In this project, we focus on cleaning a raw Excel dataset titled "layoffs" and performing Exploratory Data Analysis (EDA) using SQL. The main objective is to prepare the dataset for further analysis by addressing issues such as missing values, duplicates, and irrelevant data, and then exploring the data to uncover useful insights.
- Data Cleaning: Using SQL queries, we apply various techniques to clean the raw dataset, ensuring data integrity and quality.
- Exploratory Data Analysis (EDA): SQL queries are then used to explore the dataset, uncover patterns, and generate insights that can guide further analysis or decision-making.

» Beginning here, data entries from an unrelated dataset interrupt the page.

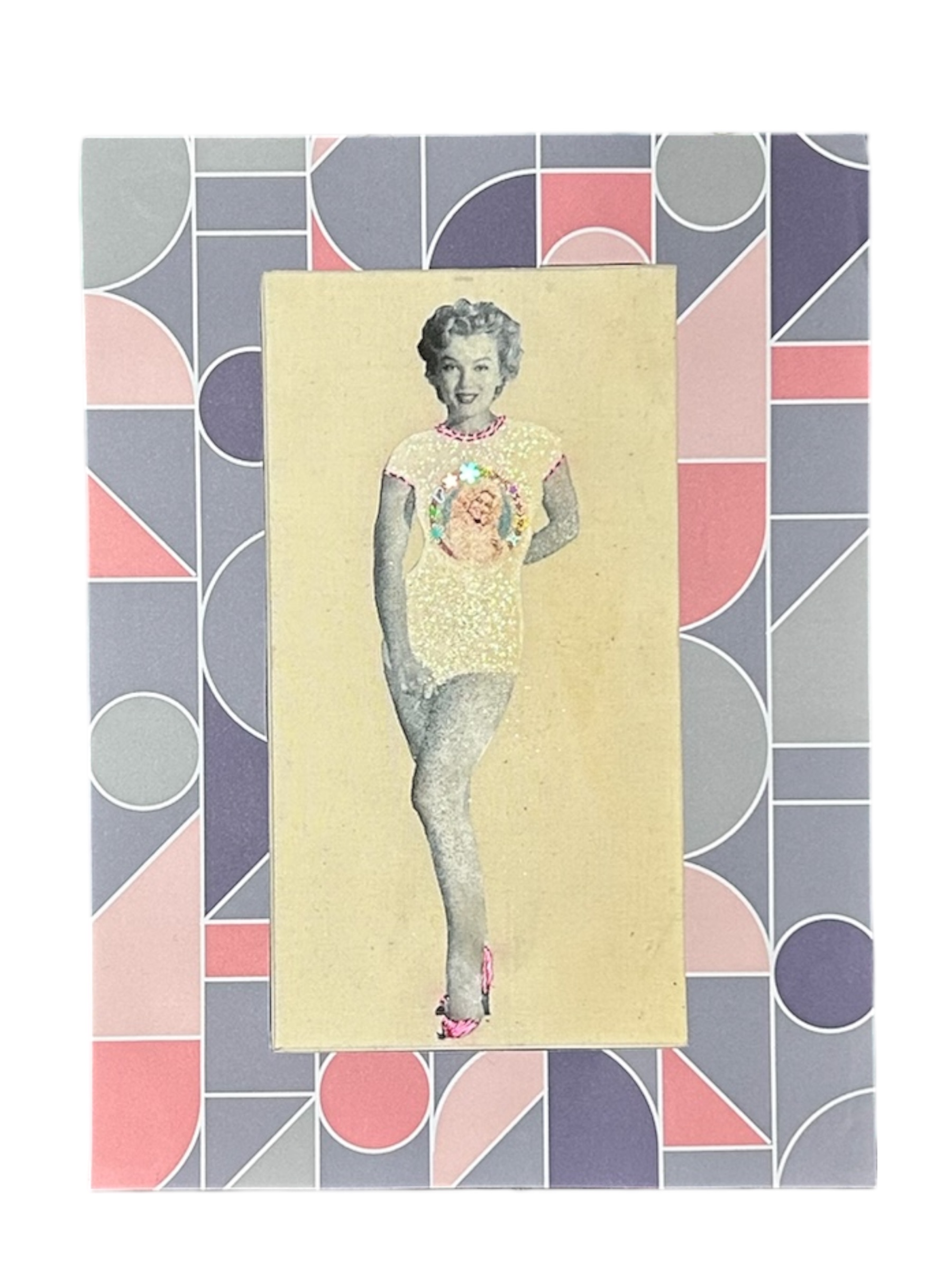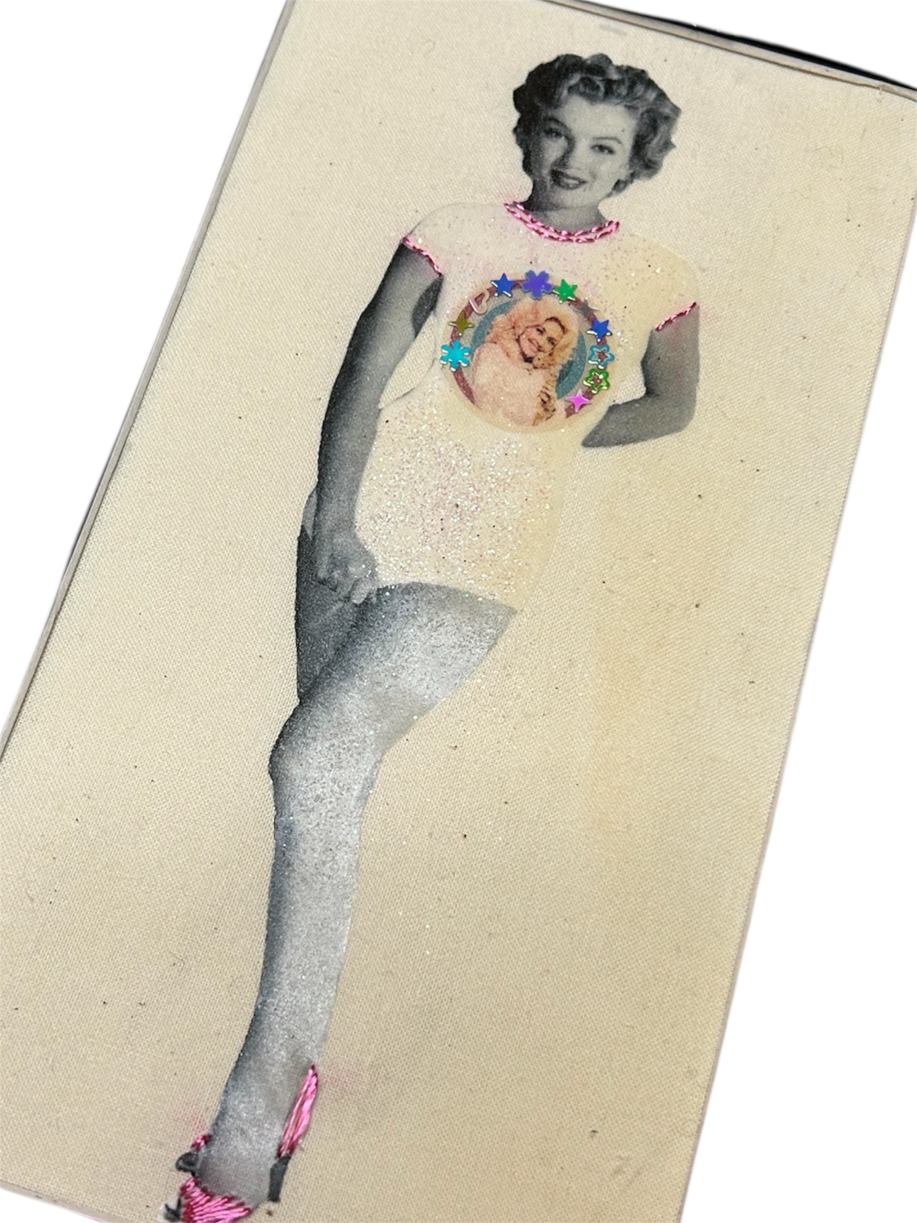 This original mixed-media embroidery artwork features Marilyn Monroe wearing a Dolly Parton t-shirt, combining vintage Hollywood imagery with modern feminist pop culture. Hand-embroidered and embellished with stitched and glitter details, this one-of-a-kind textile artwork explores fame, femininity, and self-authored identity.
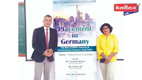 जळगाव ( प्रतिनिधी ) – नर्सिंगचे शिक्षण घेणाऱ्या विद्यार्थी व विद्यार्थींनीना जर्मन देशात रोजगाराच्या मोठया संधी उपलब्ध असून कठोर परिश्रम आणि गुणवत्तेच्या आधारावर या संधी मिळवू शकतो असे प्रतिपादन अॅझ ईडीयु कॉर्पो ट्रेनिंग अँन्ड डेव्हलपमेंट इंडस्ट्रीचे चेअरमन परमजित सेहगल यांनी आज गोदावरी कॉलेज ऑफ नर्सिंगमध्ये केले.
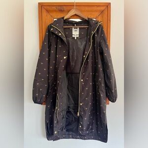 Part of the “Right as Rain” collection, jacket features charming gold bee pattern against a black background with gold accents.
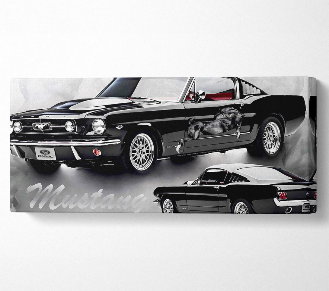 Mustang 65 Schwarze Leinwand, gedruckt auf beschichteter Polyester-Leinwand. Auf einem 44 mm großen Kastenrahmen montiert, fertig zum Aufhängen.
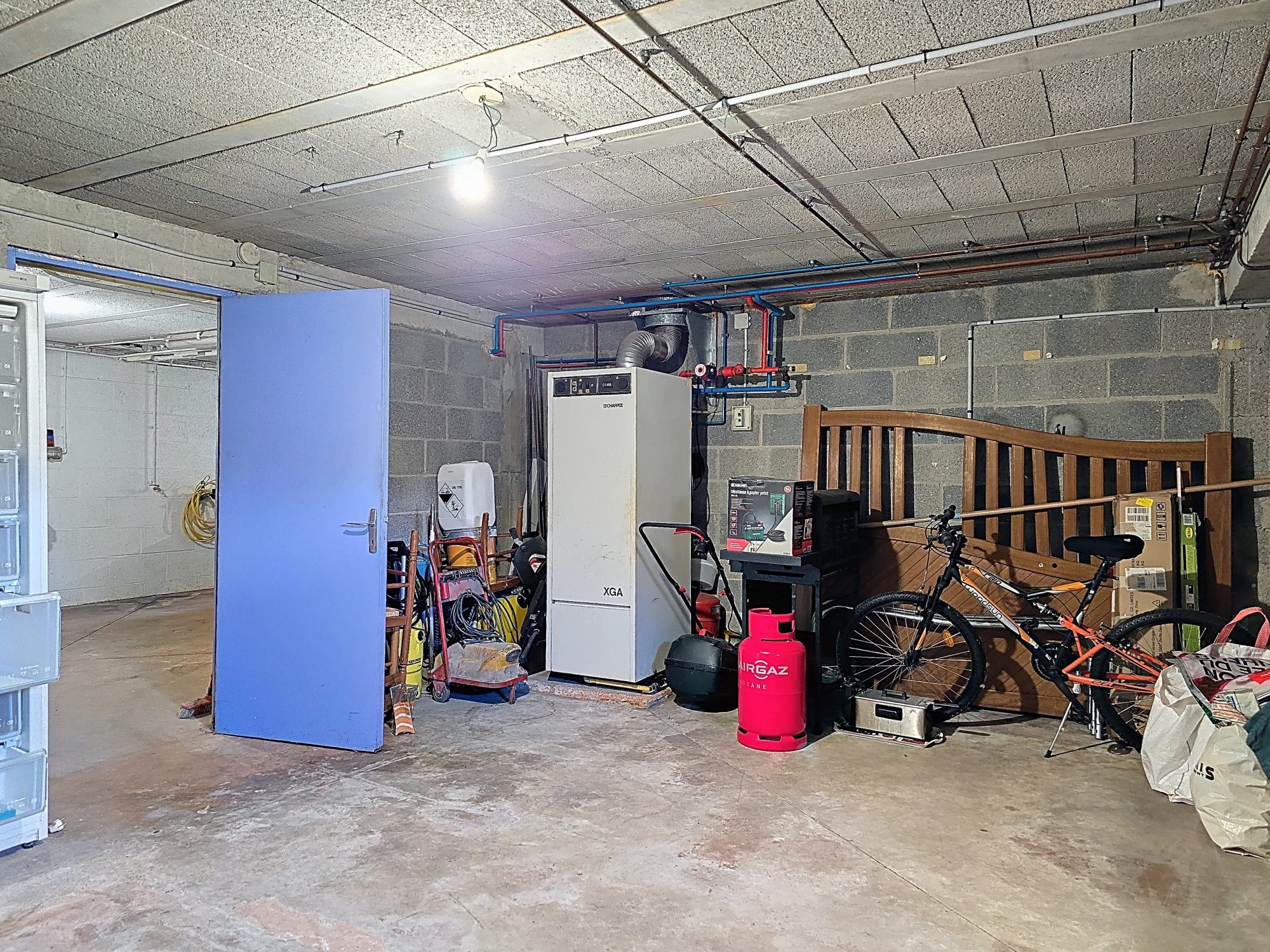 Quant au sous-sol, il offre un vaste espace de rangement supplémentaire. Il se compose d’un double garage avec fosse et coin atelier, d’une buanderie/chaufferie et d’un toilette.

- layoffs.xlsx: The raw dataset containing information related to layoffs.
- DataCleaning_queries.sql: A set of SQL queries focused on cleaning the raw dataset by handling missing values, duplicates, and irrelevant columns.
- EDA_queries.sql: A set of SQL queries used to analyze the cleaned data, focusing on uncovering trends, summarizing key metrics, and visualizing patterns in the data.
The DataCleaning_queries perform several operations to clean the raw dataset:
- Removing duplicate records
- Handling missing or null values in crucial columns
- Standardizing column names and data types
- Filtering out irrelevant or incomplete records
The EDA_queries perform in-depth analysis to derive actionable insights:
- Identifying correlations and patterns between variables
- Generating statistical summaries of key columns
- Visualizing trends, distributions, and outliers in the data
- Segmenting the data to explore various subgroups and trends
The goal of this project is to transform a messy, unorganized raw dataset into a clean, structured format suitable for detailed analysis. By applying SQL-based data cleaning and performing thorough exploratory data analysis, we can extract valuable insights that could inform decision-making processes.
- SQL: For data cleaning, transformation, and analysis
- Excel: To import and view the raw dataset
This project demonstrates how SQL can be used effectively to clean and analyze raw data. By performing both data cleaning and exploratory data analysis, we make the dataset ready for deeper analysis and potential use in decision-making or machine learning applications.